I cittadini, forse per la prima volta, non si trovano di fronte a un giallo dove l’assassino si scopre solo alla fine o non si trova, la vicenda della mala gestione dei rifiuti in Italia ed in Campania è chiarissima, i colpevoli sono famosi, e conosciuti, si chiamano Sindaci, Presidenti e Commissari. Il problema dei rifiuti non esiste, non è mai esistito da un punto di vista tecnico e del corretto smaltimento, poiché i rischi sanitari e gli impatti ambientali sono conosciuti da sempre. Il nodo è esclusivamente politico-commerciale, ed eliminare i rifiuti vuol dire trasformare, cambiare i processi industriali. I rifiuti li producono le corporation e non i cittadini. Poche persone al mondo inquinano e tutti gli altri pagano, con i loro soldi e con la loro vita: è la filosofia del consumo che domina la politica. Fino a quando le decisioni saranno prese da pochi (oligarchie) per le corporation sarà facile pagare tangenti ad una o poche persone. Si possono fare due cose per invertire la tendenza, la prima cambiare gli Statuti degli Enti Territoriali per distribuire potere ai legittimi proprietari: i cittadini ed inserire strumenti di democrazia direttademocrazia-cittadini (copiare il modello svizzero con iniziative e referendum, e copiare Schonau per l’azionariato diffuso sui servizi pubblici locali) come i Bilanci Partecipativi deliberativi negli Statuti comunali, così i cittadini governano e controllano direttamente come vengono spesi i soldi, e la seconda è introdurre la Class Action vera, così se una corporation truffa, ruba o uccide, i cittadini possono colpirla al cuore, togliendo loro i soldi. Alla base di questi cambiamenti molto semplici c’è la Decrescita che poggia la sua filosofia sul concetto di bioeconomia. Non è tollerabile continuare a subire le scelte di pochi, spinti dai “guadagni facili” passando sopra i diritti costituzionali di tutti. Norberto Bobbio nel 1963 al Convegno promosso dall’Institut International de philosophie sul “fondamento dei diritti dell’uomo” disse: “il problema grave del nostro tempo era non già quello di fondarli ma di proteggerli.

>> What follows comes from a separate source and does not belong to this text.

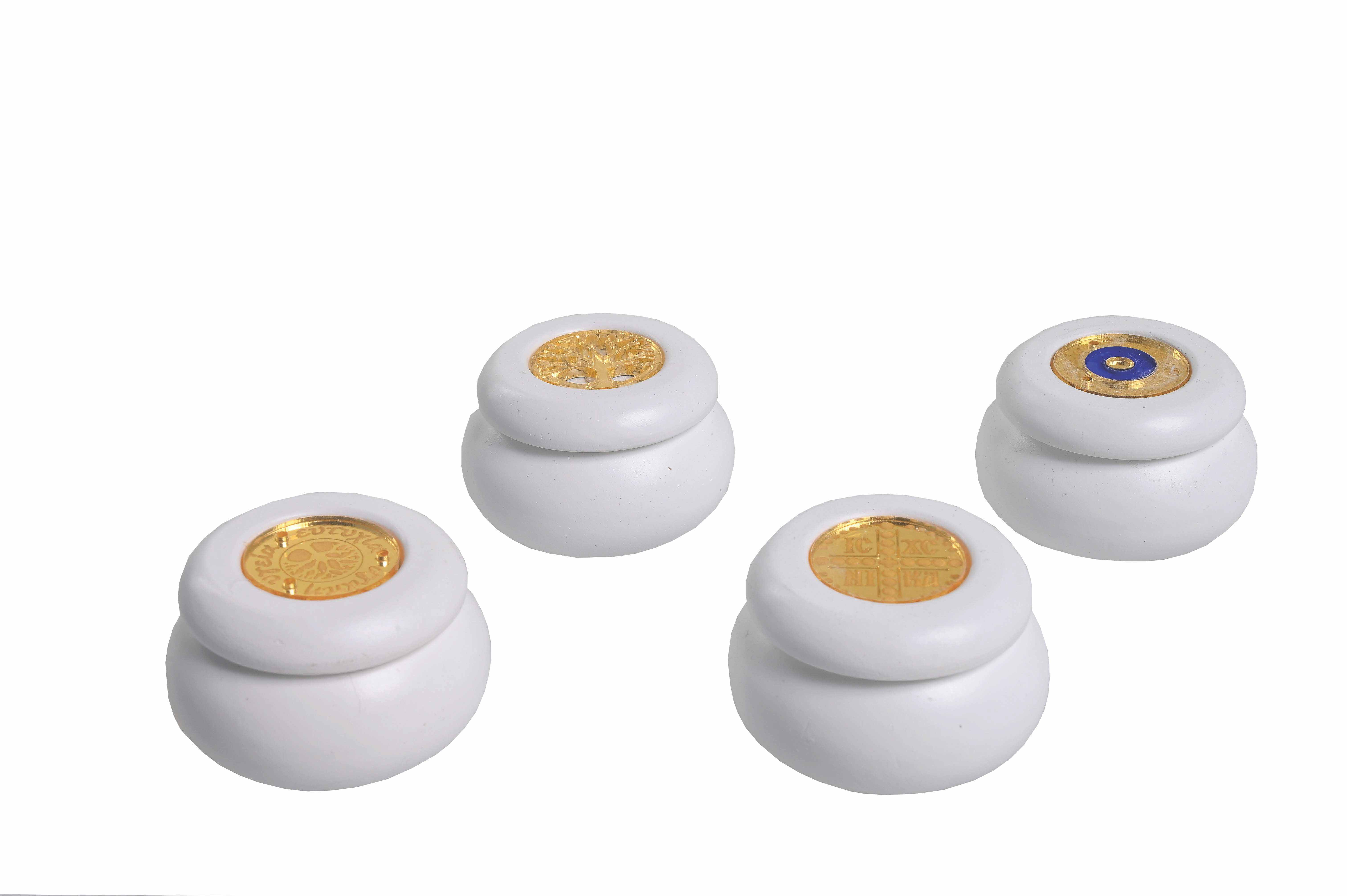 Μπομπονιέρα Κεραμική Μπιζουτιέρα σε σχήμα μακαρόν με Plexi Glass διάφορα σχέδια

Testo consigliato: Marino Ruzzenenti, l’Italia sotto i rifiuti, Jaca Book Milano 2004

Alcuni documenti sul rischio sanitario:

Ancora sui rifiuti INCENERIRE NUOCE Marco Caldiroli
Impatto Ambientale dei Processi di Incenerimento di Rifiuti
Epidemiologie e prevenzione processi incenerimento rifiuti e mortalità
Incenerimento e salute umana Greenpeace
Impatto Ambientale dei processi d’incenerimento dei rifiuti

per il Piano Rifiuti Zero in Italia il sito Ambiente futuro

viaggio nell’inceneritore di Brescia di Alex321 15 maggio 2007

Caso Campania, tredici anni e sette commissari.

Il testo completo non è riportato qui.